Now with Helgeland's PAYBACK restored, everything I hated about the theatrical edit has been whacked, and everything good about it has been enhanced with steroids. The action narrative is a decliously skull-bashing great time that doesn't complicate itself with bullshit. No narration, no Kristofferson, no boring blue-tint cinematography, no real concern to make Porter heroic or even likeable, and the mutt actually gets put to sleep.

Helgeland's PAYBACK, stuck in a cinematic modern-day where the 1970s never ended, is the closest equivalent in recent times to a true Lee Marvin movie, a brutal balls-to-the-walls extravaganza that contains the best and worst aspects of masculinity, all without trying to be a damn smartass.

Its pretty much nearly a perfect remake, considering how this movie is a remake of John Boorman's classic POINT BLANK, and both are based off Donald E. Westlake's novel "The Hunter." Like Westlake's Parker books, PAYBACK is pure bang bang entertainment that is something that the likes of SIN CITY so badly claim to be. I guess to steal a label from The Outlaw Vern, an internet critic I greatly respect, Helgeland's PAYBACK is "badass cinema."

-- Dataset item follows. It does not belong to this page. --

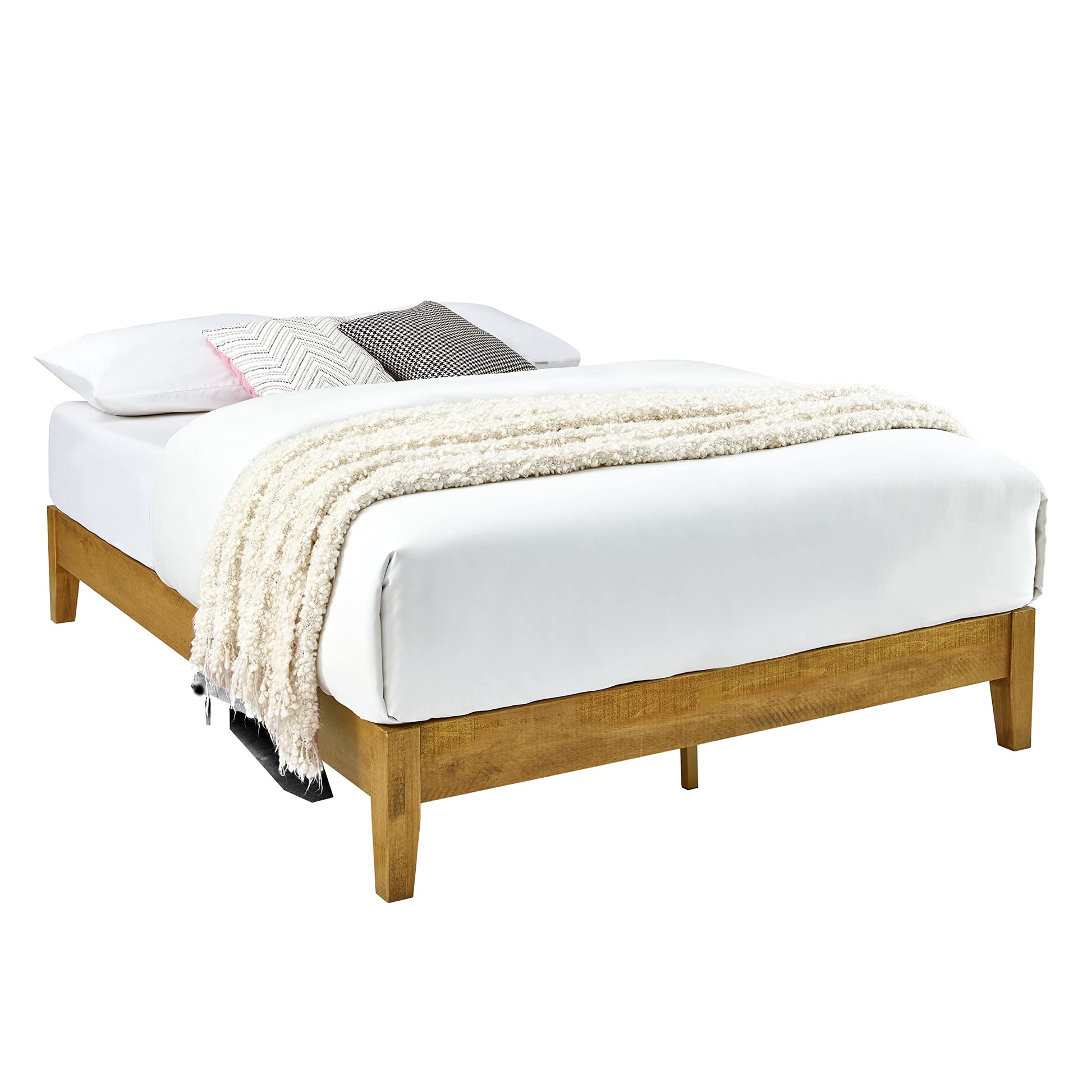 Mid-Century Wood Platform Bed Frame,No Box Spring Needed,Strong Wood Slat Support

What depresses me is that if the Director's Cut of PAYBACK was released today, it would be a hit. Inspired by the crime plot boilers of the 1960s and 70s, Helgeland's PAYBACK likewise would click with our cynical society, where its ambivalent characterization and ending would have been accepted. But because PAYBACK was shot in the boring, apathetic, and wussy 1990s, test audiences prefered the witty and bland theatrical version with the more likeable Jew-hating Gibson.

I know it wasn't Mad Mel's direct fault and all that we had to wait 9 long years for a damn good movie to escape Paramount's vaults, but when he criticizes Helgeland's edit in that "you can't make a movie for a selective elite," I thought this was rich coming from the same dude who shot a pretty violent and dark subtitled movie about Mayans some years back.